Friday, March 2, 2012

What if You Were to Die in a Year?

Last night, I wrote this in my journal:
Alas, conservative champion Andrew Breitbart died late last night. He was only 43. The question typically raised by this sort of distress is not helpful in everyday life. "What if you were to die today?" It's an interesting and sobering proposition, but hardly practical in effect. Writing to everyone how much they mean to you, spending the day with your closest companions, a vigil of prayer, a day of dissipation—all may embody a man's ideal for his last day, but none form a pattern to be adopted over the course of his life.
In that entry I argued there is a better question to ask in the wake of such a death.

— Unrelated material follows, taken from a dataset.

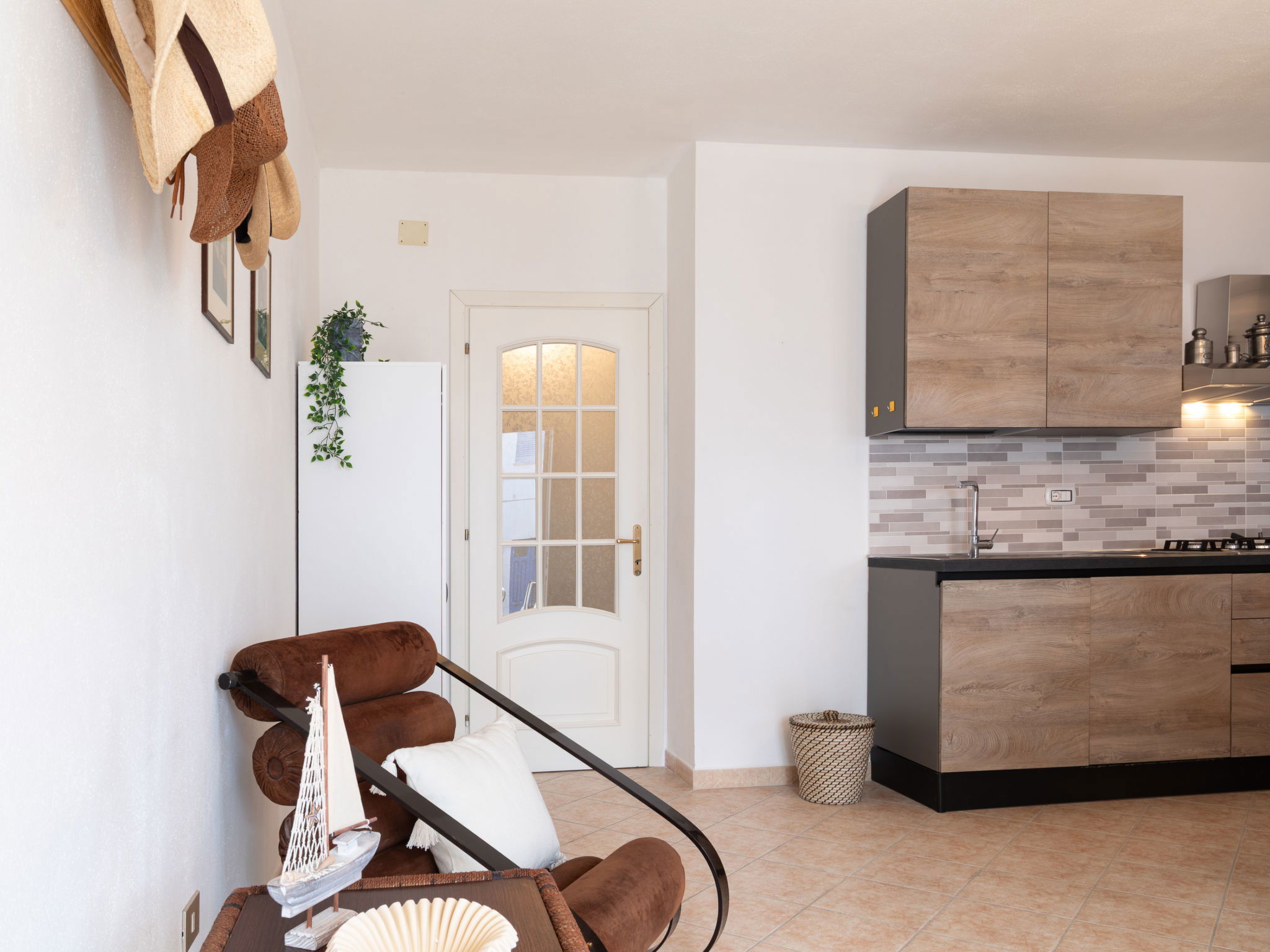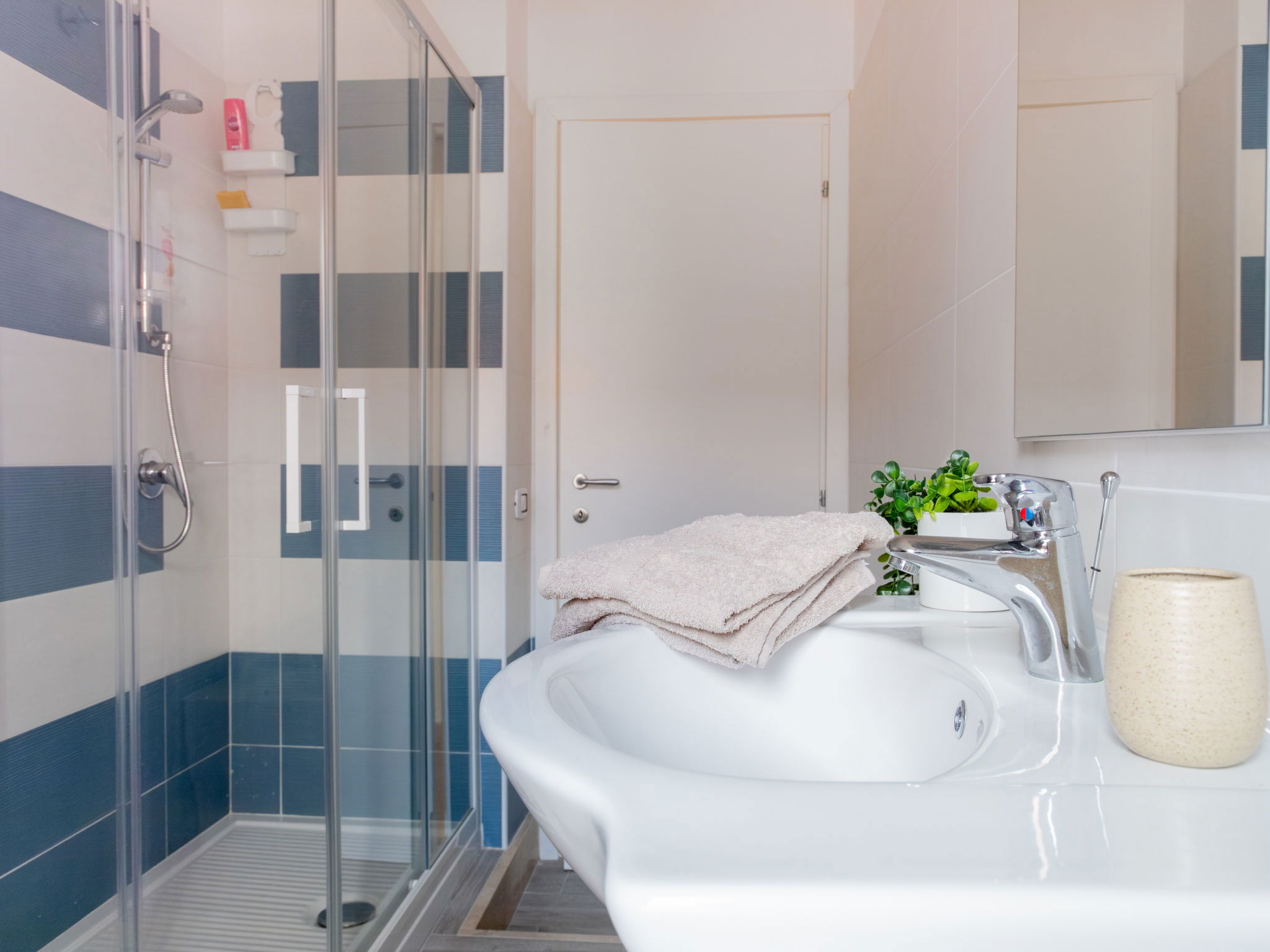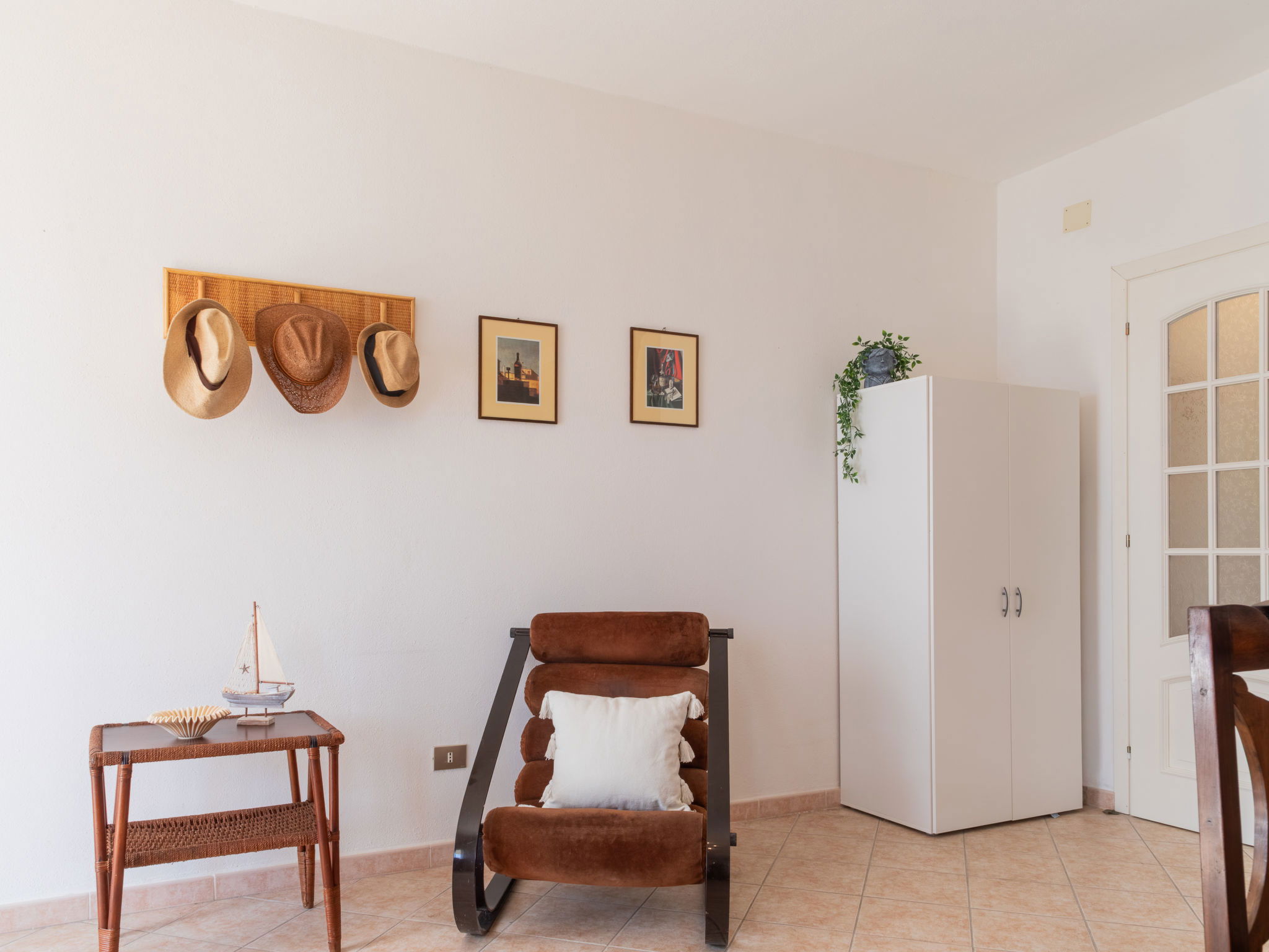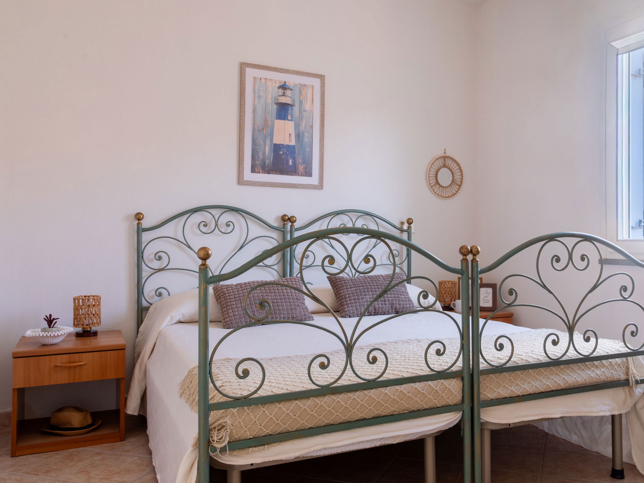 Appartement de 3 pièces 76 m2, rez-de-chaussée surélevé. Aménagement agréable et plaisant: séjour/salle à manger avec TV (écran plat). Sortie sur la terrasse. 2 chambres, chaque chambre avec: 1 divan-lit (80 cm, longueur 180 cm), 1 lit double. Cuisine ouverte (4 plaques de cuisson, four, lave-vaisselle, grille-pain, bouilloire électrique, micro-ondes, cafetière électrique). 2 douches/bidet/WC. Air-conditionné, chauffage à air chaud. Terrasse couverte. Meubles de terrasse, place pour s'asseoir. A disposition: lave-linge, fer à repasser, moustiquaire, sèche-cheveux. Internet (Connexion WIFI, gratuit). Place de parking (cloturée, 2 Voitures). Maximum 1 animal/ chien autorisé. Les canapés-lits des chambres conviennent aux enfants. IT091017C2000U2230

"What if you were to die in a year?"

Now that is terrifying. If you had a year, or five, or ten, what would you do? How would you scatter the sands of your waning days on Earth? This question is a chaff-burner, if there ever was one. The things in a man's life that are enjoyable but peripheral fade away, leaving only what he values most. That could be most comforting and energizing.

Or most terrible.

The idols of the mind and the heart are nearly imperceptible to the casual observer of life. Yet someone forced to conclude what he will do before the expiration of another year sees all. There is nothing left to hide who you are and what you want.

The death of the energetic Breitbart has compelled me to reevaluate what I'm doing and where I'm going. I don't want to die at 30 and regret it. Indeed, I don't want to regret my death were it to occur at any age.

Living up to that maxim is another matter. Time to go edit my novel.